The actors each get a blueprint with distinctive traits to work with. Kumra, Razdan, Mehra and Seth are effective in channeling the one thing that sets each apart. Kapoor is sorely miscast as the master negotiator and powerhouse of the group—his body language and get-up are more of a confused and lost middle-aged man in need of some mojo. The chemistry between Meher and Aahana as buddies is more believable than the lesbian affair that Amal and Jasleen set in motion, which seems to exist just for some awkwardly gratuitous lesbian scenes. Meher, although the most believable in terms of characterisation, hardly passes off as a Parsi—he is more a generic Mumbaiyya always in search of solutions to fix things; his own inner impulses and personal history are hazy.
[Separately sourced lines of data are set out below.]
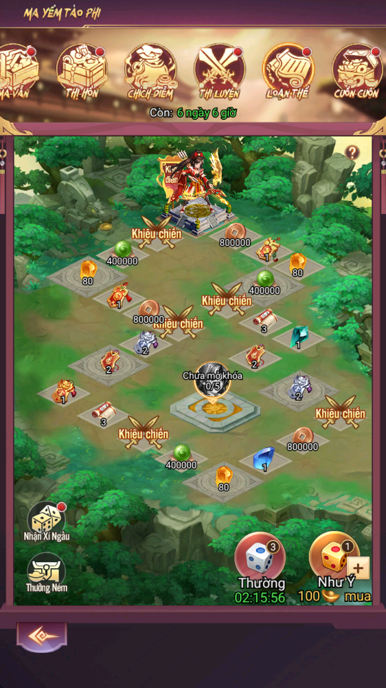- Hình thức: Tham gia lắc xí ngầu để nhận thưởng và khiêu chiến Thủ Vệ & Boss. Lắc xí ngầu đạt mốc nhất định để nhận thêm phần thưởng. Xí ngầu thường nhận qua nhiệm vụ và hồi theo thời gian. Xí ngầu như ý mua bằng KNB.
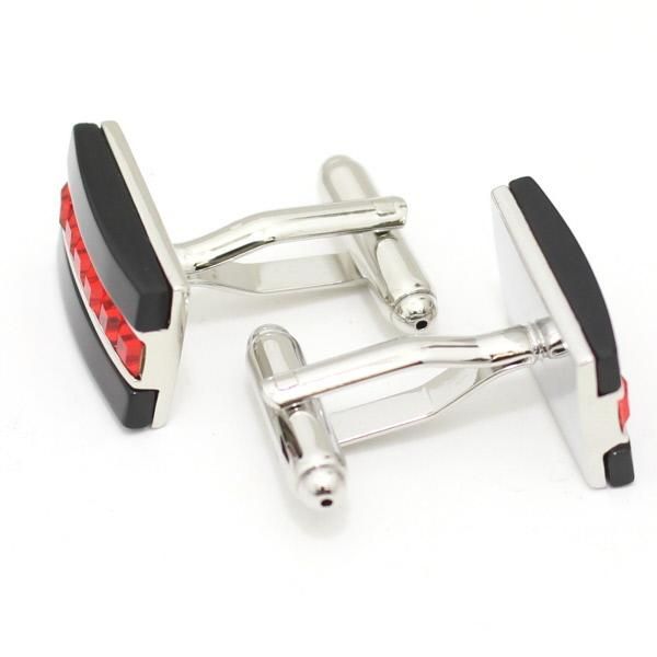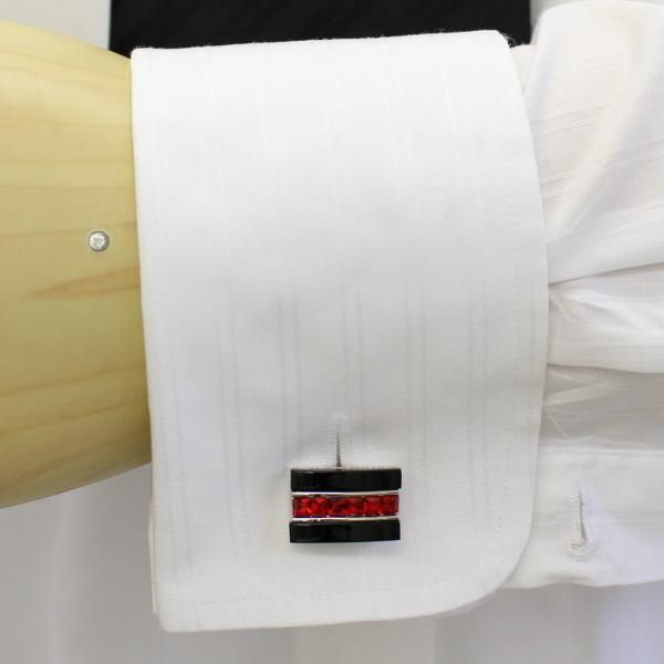 ブラックストーンにシルバーと赤いストーンがセンターに並んだ、男らしくも赤色のアクセントがとってもゴージャスでお洒落なカフスボタン。
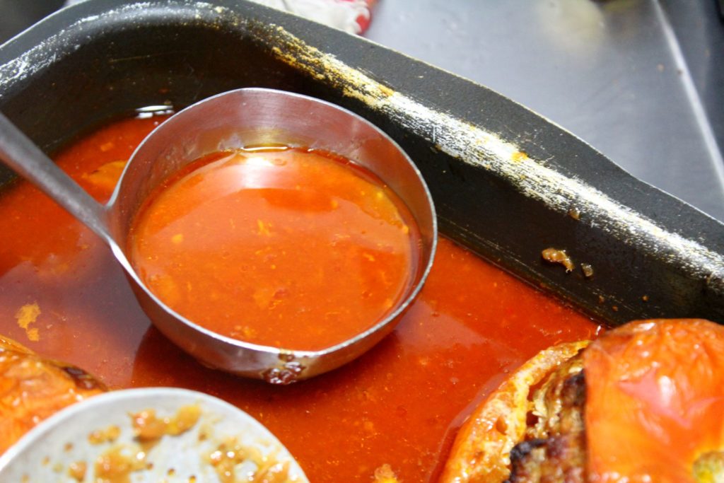 Natürlich noch mehr von der Soße geben. Die schmeckt so gut, dass man darin baden möchte. Das fette Schweinehack hat ordentlich Fett darin abgegeben. Das ist richtig derbe und schmutzig. Geschmacklich würde ich das zwischen Balkan und Mittelmeer verorten.
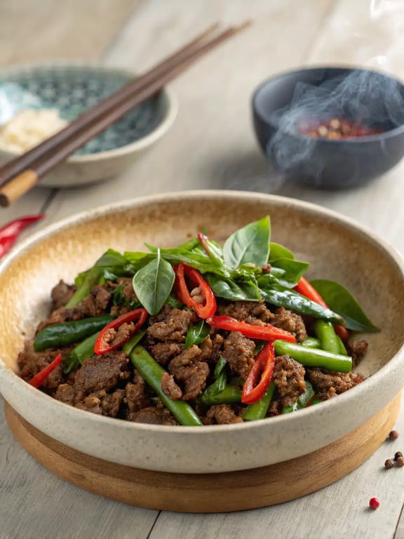 When you get your Thai basil beef just right, it’s a beautiful symphony of contrasts. The flavor profile is a bold balance: deeply savory and salty from the sauces, with a subtle sweetness and a clean, spicy kick from the chilies. Meanwhile, the star of the show is the anise-like aroma of the fresh basil, which should be pronounced but not cooked away. Texture is equally important here. You’re aiming for tender, juicy beef with a slight sear, vegetables that are softened but still have a pleasant snap, and a sauce that clings to every element in a shiny, glossy coat. The final dish should be moist but not soupy. If your sauce seems too thin, let it simmer for an extra 30 seconds to reduce and thicken beautifully.Variations & Substitutions
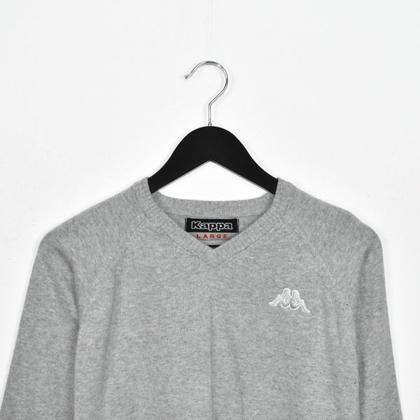 Vintage Kappa V-neck jumper jumper longsleeve tee pullover sweatshirt in grey. Unisex. Same/Next day postage, instant buy is on! Great condition. Has a logo on the front. Label says L, we recommend M.
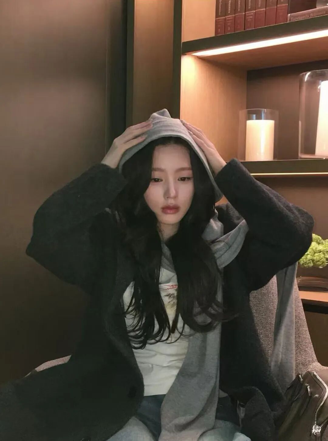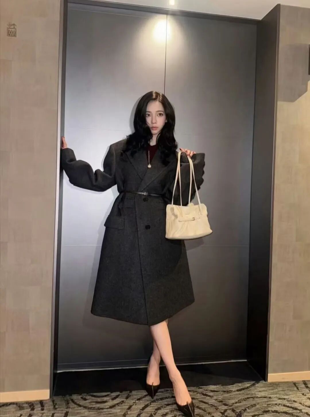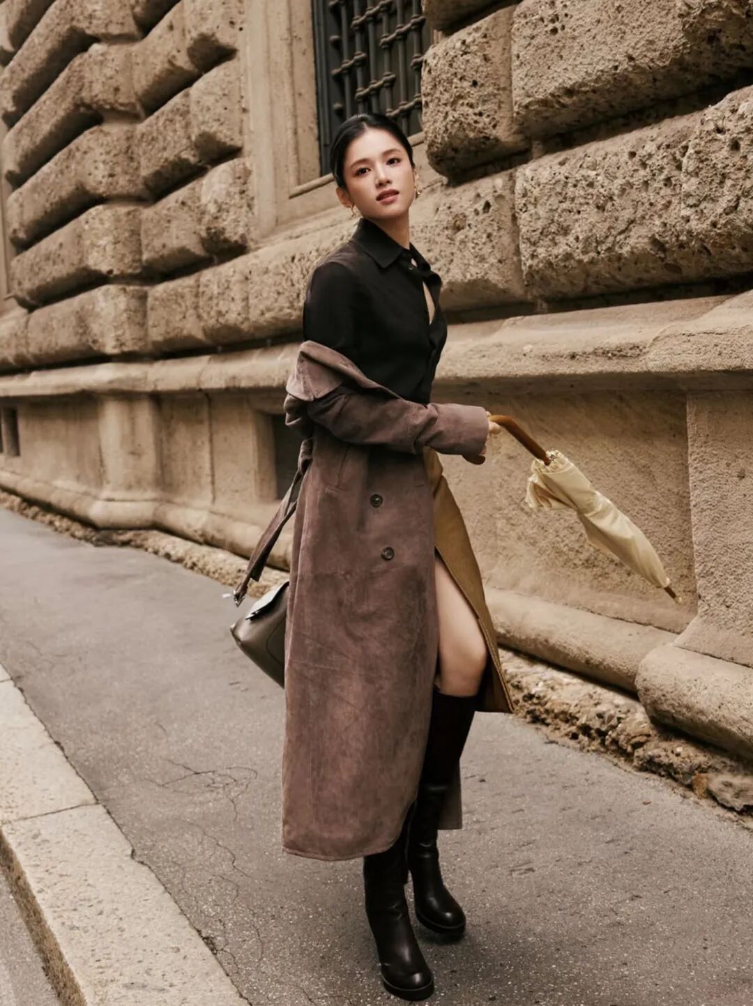 宋雨琦的灰色大衣自带秋冬氛围感,90% 精纺羊毛的挺括质感衬得身形利落不拖沓。内搭浅色系的柔质针织单品,软和的内搭与大衣的挺括形成鲜明材质反差,既兼顾了秋冬出行的保暖度,又让整体造型有了轻盈层次。
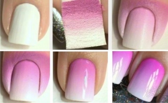 The nail plate is coated with blotting movements., slightly touching the sponge in those places where the color should be barely noticeable, and pressing it more tightly where a more saturated shade is required. The biggest problem when applying this nail art is the removal of varnish from the cuticle. So that it does not get so dirty, you can stick tape around the nail plate before starting the procedure, and after everything dries, carefully remove it. If no protective agents are used, then remove the varnish that has got on the skin, it is necessary immediately after staining the nails.
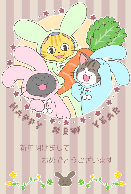 ウサギのきぐるみ着てる猫らを描きたくなりました。
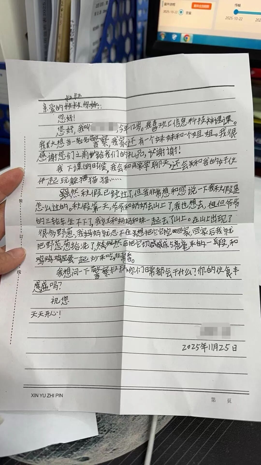 信中還寫道“我長大想當(dāng)一名警察!”。原來,寫信的是轄區(qū)內(nèi)一名小學(xué)生,他一直懷揣著警察夢想,對這個(gè)職業(yè)充滿憧憬與向往。小朋友在信里開心地分享自己的生活:“我有一個(gè)姐姐和妹妹,我們會(huì)一起上山摘野蔥,把野蔥和雞蛋一起炒……”在分享生活的同時(shí),他也惦記著守護(hù)平安的警察叔叔,樸素字句間滿是純真的關(guān)懷。
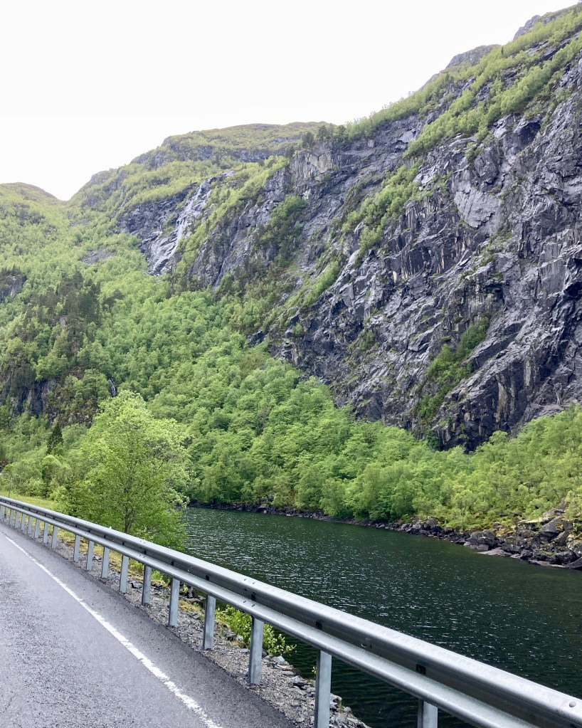 Ich war durch und nun aber Obacht, ging es steil runter auf eine Uferstraße mit mehreren Haarnadelkurven in denen auch Sand lag! Dann war ich auf der Uferstraße 661 und dann waren es nur noch 7 km bis zur Fähre Nummer 3 von heute. (Insgesamt 13 Fähren, 22 Tunnel auf 1080 km in 10 Tagen).
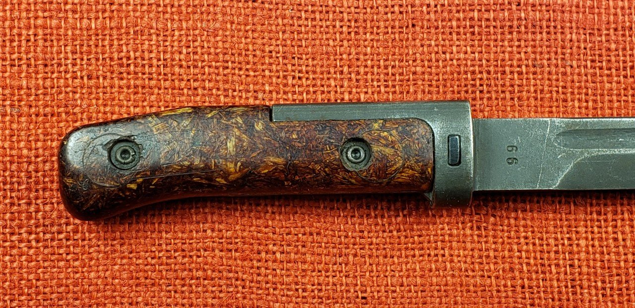 Note that any Type I bayonet without rivets or rivets in different locations is not original. The original and replacement wood grips were supplied pre-inletted and finished. The grip is held in position by the rivets and using the small holes in the metal hilt tang and grip. Also note that they only used a certain style of rivet and setting for ALL 3 Types of the VZ58 bayonets. All other rivets or fasteners are either from emergency repairs or unauthorized. Fakes and replicas are quite common. Mike
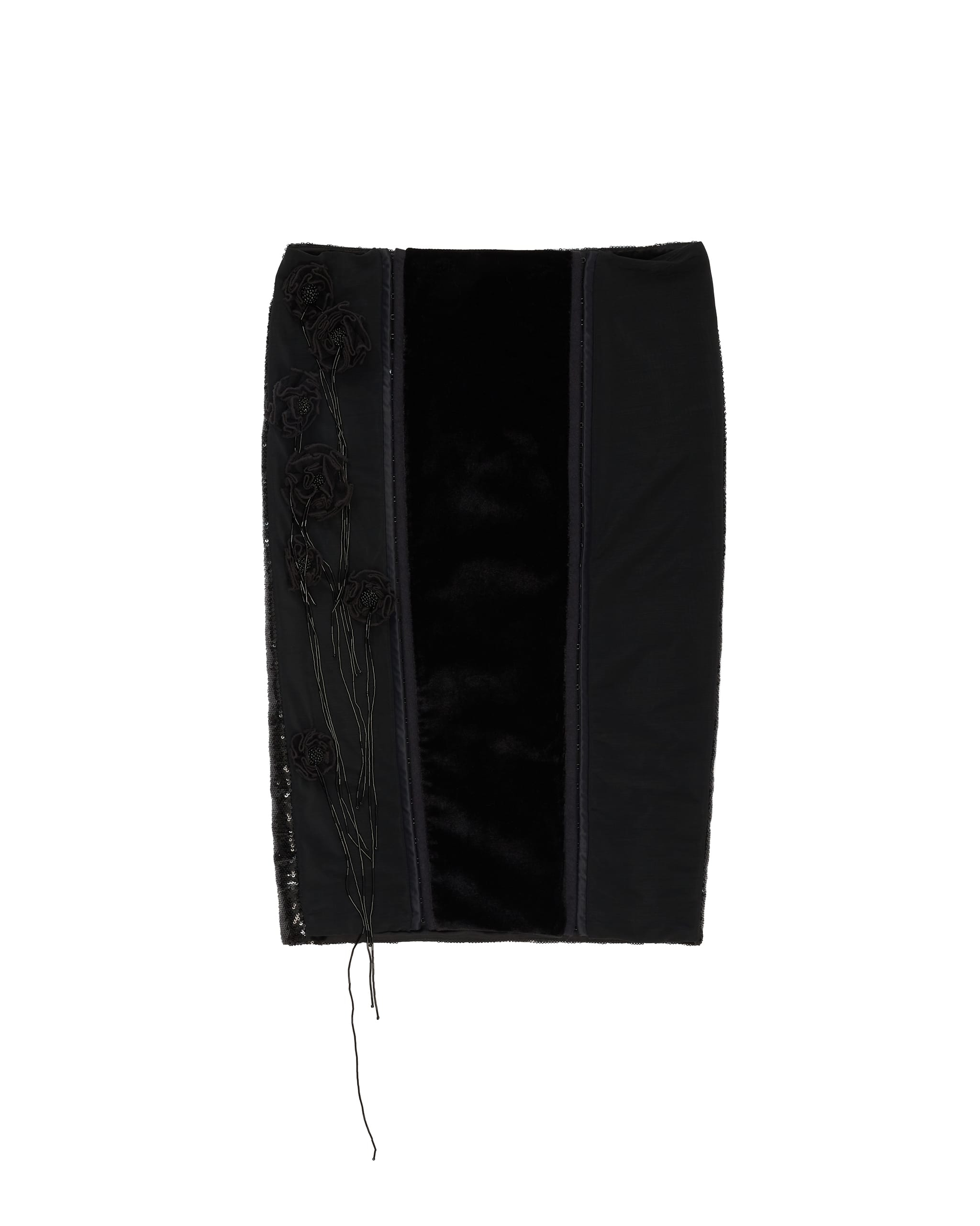 Paneled style sequins hand-embroidered flowers midi skirt

As the auditor-seductress, Sawhney’s versatile personality—number-cruncher and oomphy sari maven—is far from convincing; she is a consummate caricature.
Overall, it just doesn’t feel like Bollywood’s inner chambers or Mumbai’s real arteries. The location of ART’s office, somewhere close to the VT Station (thanks to cinematographer Sunita Radia, VT Station is shot in every angle and every hue possible), is an anomaly because the film industry in Mumbai operates mostly out of the Western suburbs—sacrificing authenticity for making the city’s signature South Mumbai views the setting eventually seems futile because the city itself is hardly a character in the show.
At six episodes, the series still has enough grist to keep you engaged. Besides the nuts and bolts of the filmmaking enterprise, the wonderfully heartfelt thing about Call My Agent Bollywood is its satirical gaze on how the filmy universe of Mumbai works. The creators are being good sports—it’s ultimately themselves they are laughing at, which infuses the show with a huge dollop of exasperated fondness. We all know why Bollywood needs some love at this moment, and Call My Agent Bollywood has some of it to offer.